If number of groups is relatively small it is possible to try something else:
from pyspark.sql.functions import count, udf
from pyspark.sql.types import BooleanType
from operator import truediv
counts = (df
.groupBy(col("teamId"))
.agg(count("*").alias("n"))
.rdd.map(lambda r: (r.teamId, r.n))
.collectAsMap())
# This defines fraction of observations from a group which should
# be taken to get n values
counts_bd = sc.broadcast({k: truediv(n, v) for (k, v) in counts.items()})
to_take = udf(lambda k, rnd: rnd <= counts_bd.value.get(k), BooleanType())
sampled = (df
.withColumn("rnd_", rand())
.where(to_take(col("teamId"), col("rnd_")))
.drop("rnd_"))
sampled.show()
## +------+---+--------------------+
## |teamId| x1| x2|
## +------+---+--------------------+
## | 1| d| 0.14815204548854788|
## | 1| f| 0.8563875814036598|
## | 1| g| 0.81921738561455|
## | 2| a| 0.6695356657072442|
## | 2| d| 0.37620872770129155|
## | 2| g| 0.06233470405822805|
## | 3| b|0.012329360826023095|
## | 3| h| 0.9022527556458557|
## +------+---+--------------------+
In Spark 1.5+ you can replace udf with a call to sampleBy method:
df.sampleBy("teamId", counts_bd.value)
It won't give you exact number of observations but should be good enough most of the time as long as a number of observations per group is large enough to get proper samples.

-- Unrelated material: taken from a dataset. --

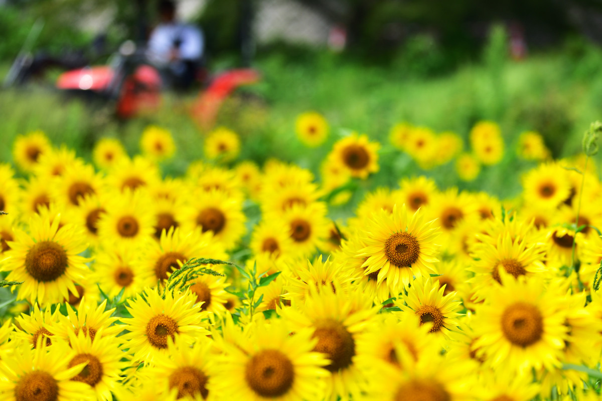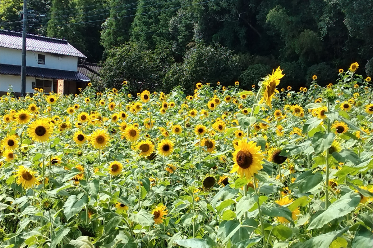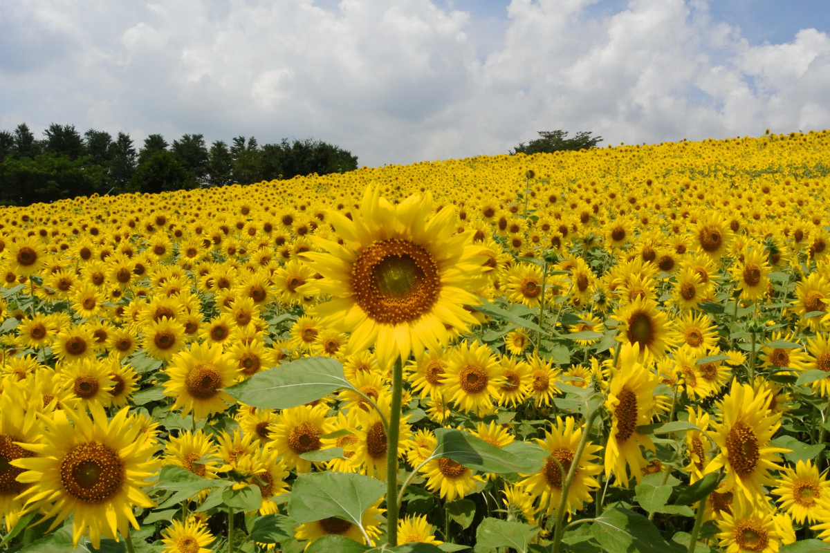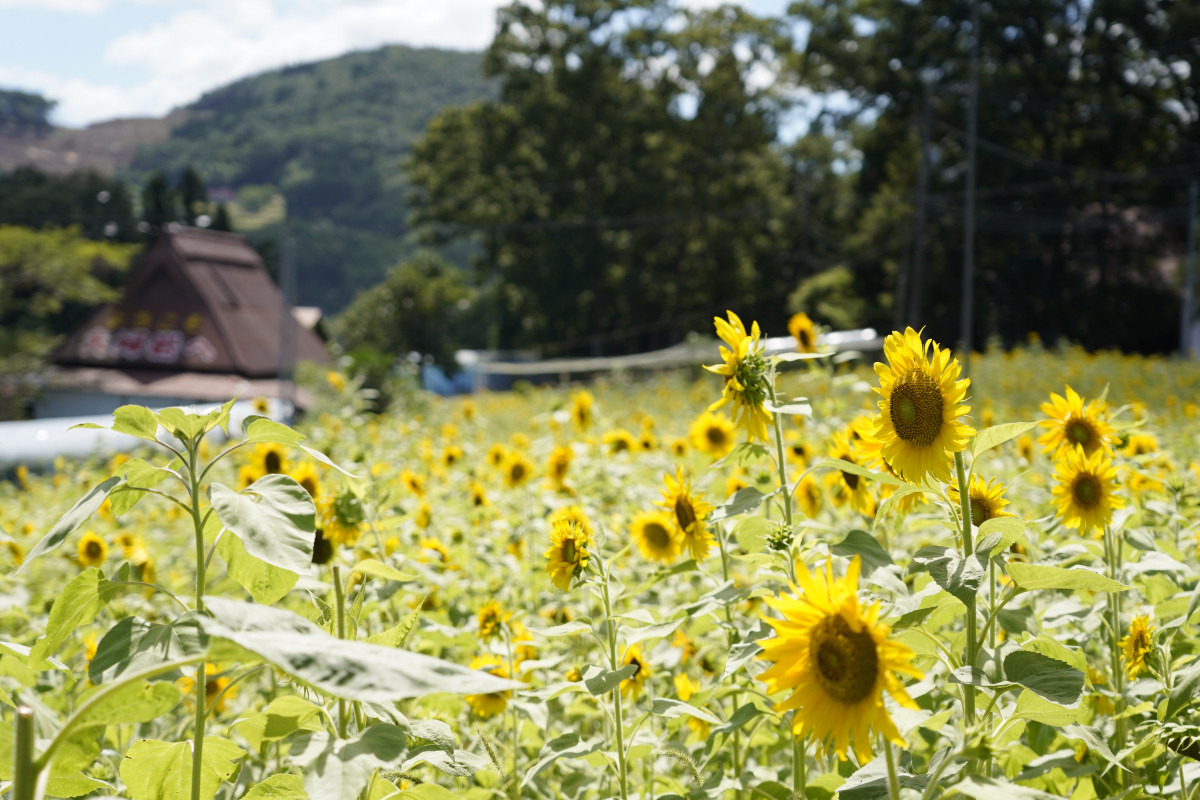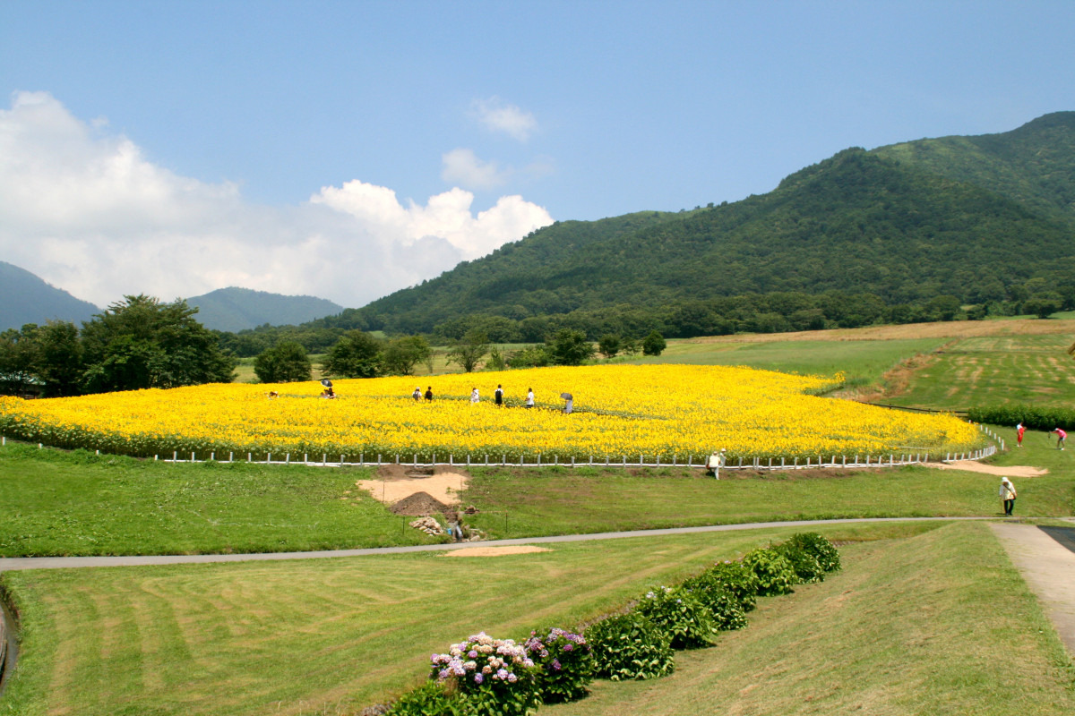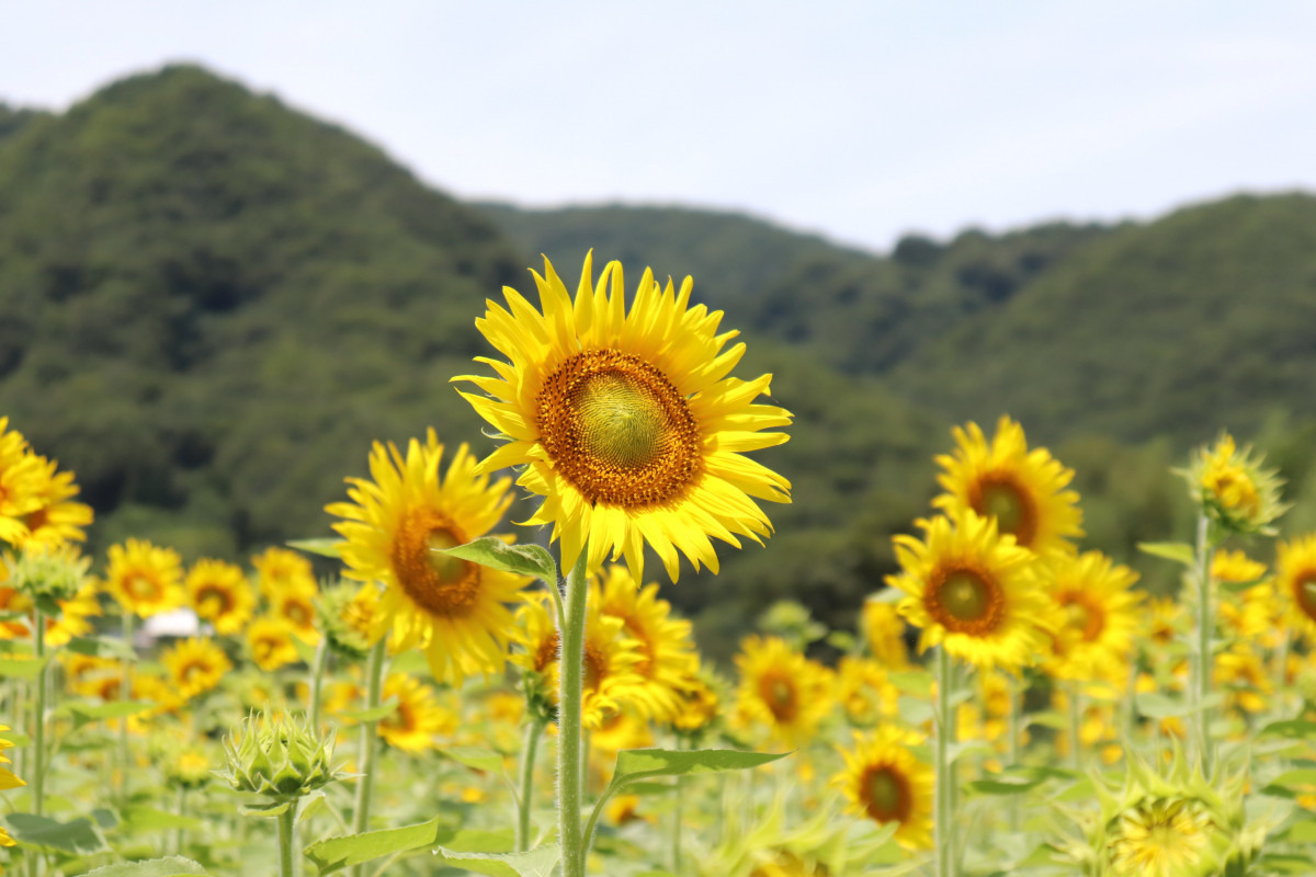 開花時期は県内では少し遅めのひまわり畑で、毎年8月中旬頃に見頃を迎えます。岡山自動車道・蒜山ICを降りてすぐの場所にある「道の駅風の家」に隣接しており、蒜山への来訪者を迎えています。

You can also use sampleByKey on a RDD in a similar way.
I found this one more dataframey, rather than going into rdd way.
You can use window function to create ranking within a group, where ranking can be random to suit your case. Then, you can filter based on the number of samples (N) you want for each group
window_1 = Window.partitionBy(data['teamId']).orderBy(F.rand())
data_1 = data.select('*', F.rank().over(window_1).alias('rank')).filter(F.col('rank') <= N).drop('rank')
Here's an alternative using Pandas DataFrame.Sample method. This uses the spark applyInPandas method to distribute the groups, available from Spark 3.0.0. This allows you to select an exact number of rows per group.
I've added args and kwargs to the function so you can access the other arguments of DataFrame.Sample.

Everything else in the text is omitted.